Bunun kültürler arası birleştirici rol üzerinden kurgulanmış temasının, Türk üretimlerine bakış açısını büyük ölçüde değiştireceğini ve katma değer, markalaşma gibi açmazlarımızın da bu yolla önyargılardan kurtularak aşılabileceğini düşünüyordu. Açıkçası ben de bu tip açılımların Türkiye Malı imajına değer katacağını düşünüyorum.
Nitekim yine defile öncesinde konuşan Moda ve Hazır Giyim Federasyonu Başkanı Hüseyin Öztürk’ün verdiği bilgiyi bu açıdan kıymetli buldum.
Bu yöntemin geliştirilerek sürdürüleceğini söyleyen Öztürk, Mardin ve Diyarbakır’da da benzer bir çalışmayı yürüttüklerini, hatta tasarımların bölgede geliştirildiğini, kısa süre sonra bunların da kamuoyunun dikkatine sunulacağını belirtti.

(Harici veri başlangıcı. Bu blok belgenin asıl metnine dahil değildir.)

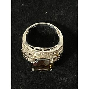 HSN Ring Large Smoky Brown Size 8 Mid Century Edwardian Style 925 Silver

O kadar kıymetli bir oluşum ki, herkesin destek vermesi ve sahip çıkması gerektiğini düşünüyorum. Çünkü bir ürünün üzerine kültürü koymadan, onu orijinal hikayesiyle bütünleştirmeden, o ülkeye ait değerleri üzerine sindirmeden değerli kılmanız mümkün değil.
Hazır giyim bu konuda ürün bakımından, sunumunu da dikkate alırsanız avantajlı bir sektör. Ama bence her sektör kendi adına bu açılımları yapıp, tarihi, kültürü, üretimle, tasarımla bütünleştirip katma değere ulaşırken, marka yolculuğunu sağlıklı bir hale dönüştürebilir.
Aksi takdirde sadece yurtdışındaki trendleri, tasarımları ve ürünleri takip eden, hiçbir zaman marka olamayan, katma değeri yakalayamayan ve başkalarına çalışan bir ülke olmaktan kurtulamayız.